Questions: Phillips Curve Derivation in New Keynesian Models
5 questions to test your understanding
Score: 0 / 5
Question 1 Multiple Choice
A central bank credibly announces it will pursue a strict low-inflation policy starting next year. Under the New Keynesian Phillips Curve (NKPC), what effect does this announcement have on *current* inflation?
ANone — announcements only affect inflation when implemented through actual interest rate changes
BA potentially large immediate reduction — firms resetting prices today choose lower prices in anticipation of lower future inflation, reducing current inflation before policy takes effect
CA rise in current inflation — lower expected future inflation raises real interest rates, boosting current demand and costs
DThe same effect as under adaptive expectations — both frameworks respond identically to policy announcements
The NKPC is forward-looking: π_t = βE_t[π_{t+1}] + κx_t. Firms resetting prices today set them optimally over the expected duration of the price lock-in, weighting expected future marginal costs and inflation. If the central bank credibly commits to lower future inflation, E_t[π_{t+1}] falls, and firms resetting prices now choose lower prices, reducing current inflation. This is the fundamental difference from adaptive-expectations models, where inflation has inertia because past inflation shapes expectations — and is why credibility and communication are first-class policy tools in the New Keynesian framework.
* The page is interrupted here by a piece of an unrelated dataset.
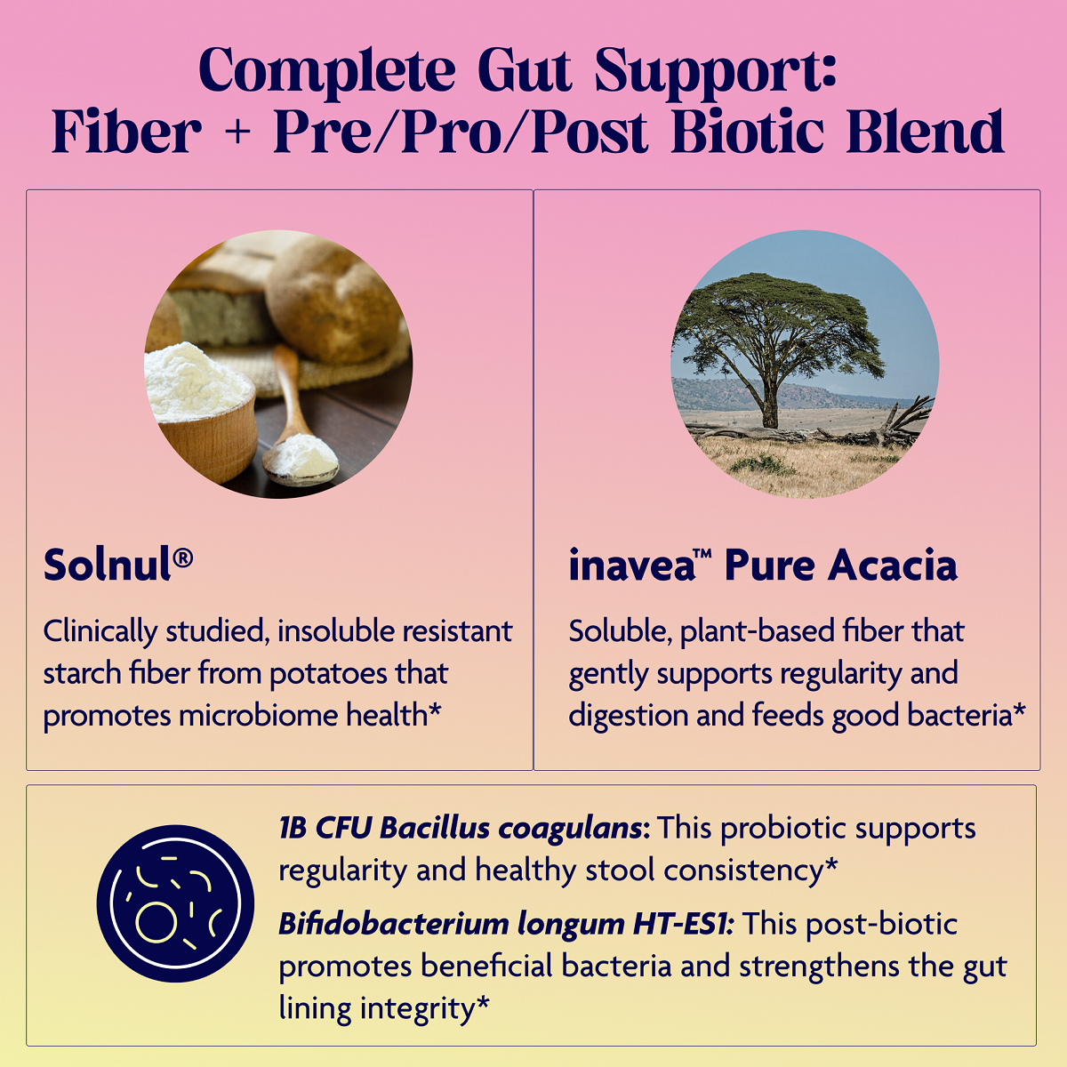 These ingredients work together to create a comprehensive formula that goes beyond basic fiber supplements. The synergy of prebiotics, probiotics, and postbiotics helps support daily regularity, digestive comfort, and the foundational health of the microbiome.*

Question 2 Multiple Choice
An oil supply shock sharply raises input costs (marginal costs) while simultaneously reducing potential output. Under the NKPC, the expected outcome is:
AFalling inflation, because the output gap turns negative and dominates the equation
BNo change in inflation, because supply shocks do not enter the NKPC
CBoth rising inflation and falling output simultaneously — stagflation — because the NKPC links inflation directly to real marginal cost, not only to the output gap
DRising unemployment and falling inflation, as the traditional Phillips curve predicts for all shocks
The NKPC links inflation to real marginal cost (proxied by the output gap). A supply shock raises marginal costs directly, pushing inflation up through the κx_t term, even as output falls below potential. This is the NKPC's key advantage over the traditional Phillips curve: it naturally accommodates cost-push inflation that produces stagflation — rising prices alongside rising unemployment — which the demand-focused traditional curve could not explain. The two terms (expectations and marginal cost) can push in opposite or reinforcing directions.
Question 3 True / False
In the New Keynesian Phillips Curve (π_t = βE_t[π_{t+1}] + κx_t), today's inflation is driven primarily by past inflation through adaptive expectations and backward-looking adjustment.
TTrue
FFalse
Answer: False
This describes the *traditional* (adaptive expectations) Phillips curve, not the NKPC. In the NKPC, current inflation is driven by *expected future* inflation (E_t[π_{t+1}]) and the current output gap. The forward-looking nature arises from firms' optimization: a firm resetting its price today knows it may be locked in for several periods, so it sets a price that accounts for expected future costs and inflation. Past inflation does not enter directly; if expectations were re-anchored to zero, current inflation could fall immediately.
Question 4 True / False
Central bank credibility matters more in the New Keynesian framework than in traditional models because inflation expectations of future policy feed directly into current pricing decisions.
TTrue
FFalse
Answer: True
In adaptive-expectations models, inflation has inertia because people expect tomorrow to look like yesterday — credibility is helpful but its effect is gradual, working through slowly updating expectations. In the NKPC, because current inflation depends on E_t[π_{t+1}], a credible commitment to lower future inflation reduces current inflation immediately through current pricing decisions. A central bank that lacks credibility will find that firms set higher prices today in anticipation of high future inflation — making the inflation problem self-fulfilling. Credibility is not just helpful; it is a direct input to the inflation equation.
Question 5 Short Answer
What does it mean for the NKPC to be 'forward-looking,' and why does this make central bank communication a genuine policy instrument?
Think about your answer, then reveal below.
Model answer: The NKPC is forward-looking because current inflation depends on expected *future* inflation (E_t[π_{t+1}]) rather than past inflation. This arises from Calvo pricing: firms that get to reset their price today know they may be stuck with it for several periods, so they set a price that is optimal on average over expected future conditions, weighting expected future marginal costs and price levels. When aggregated across all firms, the economy's current inflation depends on what firms expect the future price level will be. If the central bank credibly commits to low future inflation, firms resetting prices today choose lower prices in anticipation — reducing current inflation without waiting for demand-side effects to work through the system. This makes communication and commitment a first-class policy tool: managing expectations of future policy directly shapes today's pricing behavior.
The contrast with adaptive expectations is sharp. In adaptive models, you can only reduce inflation by engineering a recession (shifting the output gap) and waiting for expectations to slowly update from experience. In the NKPC, credible announcements have immediate effects through the expectations term — a 'costless disinflation' is theoretically possible if credibility is perfect. In practice, credibility is imperfect and disinflation has real costs, but the framework explains why central banks invest heavily in communication.